In federal contracting, ceilings matter because they are almost always maxed out.
For example, an analysis of the last 3 years of FPDS data shows that:
-of the 5.3M awards at contract end in FY22, 97.64% were spent to the ceiling
-of the 5.4M awards at contract end in FY23, 97.84% were spent to the ceiling
-of the 5.4M awards at contract end in FY24, 98.12% were spent to the ceiling
We think there’s a pattern here that perhaps a more intrepid reporter might have uncovered. Ceiling minus obligations is true savings in government contracting, making the $20k credit card analogy lazy and trivializing the very real work of protecting taxpayer dollars by using cheap jabs like ‘time for lunch.’
This is also why lowering ceilings is real savings. It prevents unpoliced “drunken sailor” spending. For extra measure, DOGE reviews entries with agency partners and makes adjustments as reported. We don’t pad results; the math is conservative, and the savings are real.

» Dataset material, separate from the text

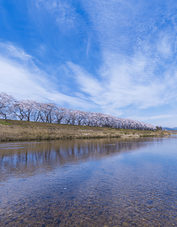 春には請戸川リバーラインの桜、秋にはあたり一面に咲くコスモス、海に目をやれば、豊富な海の幸が水揚げされる請戸漁港。走り駒の絵柄の「大堀相馬焼」、B1グランプリでゴールドグランプリに輝いた「なみえ焼そば」に、銘酒「磐城壽」。

If Politico is still struggling with ‘why’ ceiling is in fact the right way to measure savings and is not in fact “an accounting trick,” we invite them to personally guarantee a sample of government contracts for the full ceiling amount. That should clarify things.
We can agree on one thing, though: Congress needs to pass more rescission packages so that the unused funds go back to the Treasury instead of being spent by default.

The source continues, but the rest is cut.